# how do i make an incubator



## luffy3001 (Sep 1, 2010)

hello i want to hand feed my baby cockatiels i know how to except how do i set up an incubator im going to pull the chicks out at day 5 just before they open there eyes im planning on using a 10 gallon fish tank when showing me how to setup the incubator can u tell me what i will need and if i could h=get it from petco or something and please be specific 
thank u


----------



## tielfan (Aug 31, 2008)

I have no experience, but if you google for "make bird incubator" without the quotes, you'll get lots of websites and youtube videos with instructions. When you find one that you like, post the link here so the experienced people can look at it and tell you whether it looks safe and effective.


----------



## luffy3001 (Sep 1, 2010)

is this a good vid http://www.youtube.com/watch?v=WQ1tyfvenqQ


----------



## Debbie05 (Feb 9, 2010)

I sent you a link on your other thread. It's right above these threads. 

http://talkcockatiels.com/showthread.php?t=6140


----------



## Mentha (Jul 11, 2010)

First off I would also wait until the birds are at least 2 weeks old unless you want to be feeding every two hours around the clock. You'd also have better luck looking "make a brooder" as this is what you want. An incubator is for eggs, since you have chicks already you want a brooder.I'll tell you how I did it. 

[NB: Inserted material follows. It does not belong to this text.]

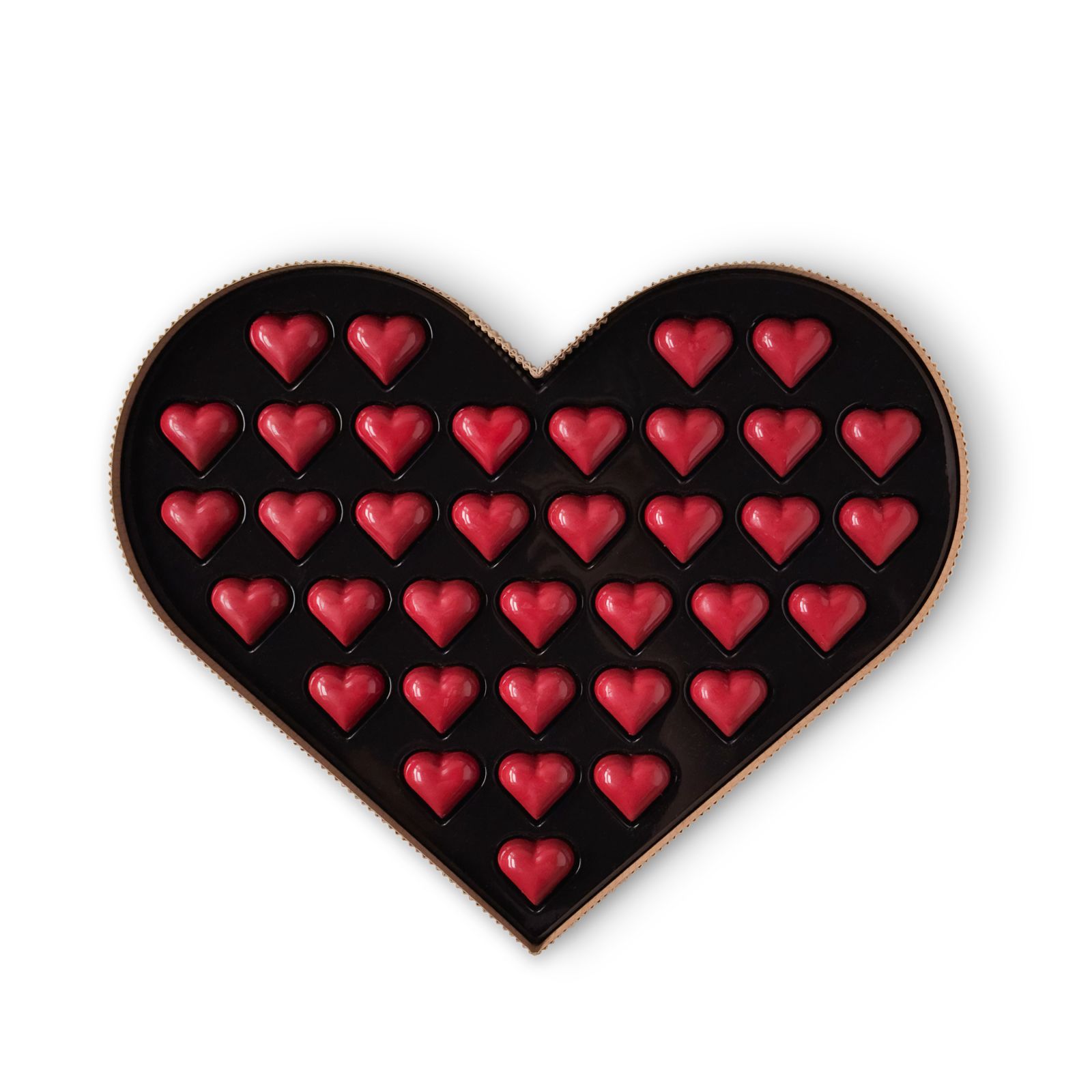 36 czekoladowych serduszek o karmelowym charakterze, zamkniętych w eleganckim opakowaniu w kształcie serca — to drobny, ciepły gest na Dzień Babci i Dziadka.

First I got a piece of styrofoam, you can get these at the grocery store when they put out berries in the produce department, just ask them if you can have one of their Styrofoam berry boxes. I then bought two heating pads, about $15-20 each, make sure you get the kind without the automatic shut off and some electrical tape. Take one of the heating pads out of it's felt cover and place it on the side of your 10 gallon aquarium, cut the styrofoam to a little larger than your heating pad then tape the styrofoam to the back of your aquarium over the heating pad. You'll also need an aquarium mesh top, I got mine at walmart for about $5. Put about 2 inches of pine shavings in the bottom of your aquarium then a layer of paper towels over that. Heat up the heating pad and place the mesh top on top with the other heating pad on top of that. I then took a remnant of fleece and put that on top of the heating pad.

However if you have a little extra money this is what I'd suggest. With the cost of all the supplies needed to make a brooder it would be just about the same price to get this. 
http://www.avitec.com/Aquarium-Brooder-Tops-p/avq.htm


----------



## tielfan (Aug 31, 2008)

The longer you wait to pull the chicks, the less need you will have for a heated brooder. At http://www.cockatielcottage.net/breeding2.html the recommended temperatures are 80°-85°F for chicks with pin feathers, 75°-80°F for fully feathered chicks and 68°-75°F for fully weaned chicks. That's basically room temperature for the older chicks.

I leave my chicks with the parents until they're weaned. The parents stop brooding the chicks when the oldest one is about a week old and the babies keep each other warm after that. I live in a hot place and use the air conditioner to cool the room down to about 80 degrees and the babies look comfortable. A brooder tank might not retain heat as well as a nestbox so you might need some supplemental heating. 

There isn't any additional benefit to pulling the chicks before they're two to three weeks old - it won't make them any tamer. But if you pull them early there is additional risk of problems related to handfeeding like sour crop. You and the babies will be better off if you wait until they reach the normal handfeeding age. Sometimes people are forced to pull the chicks early because the parents aren't taking proper care of them. But if your parent birds are doing a good job it's best to wait until the babies are the appropriate age.


----------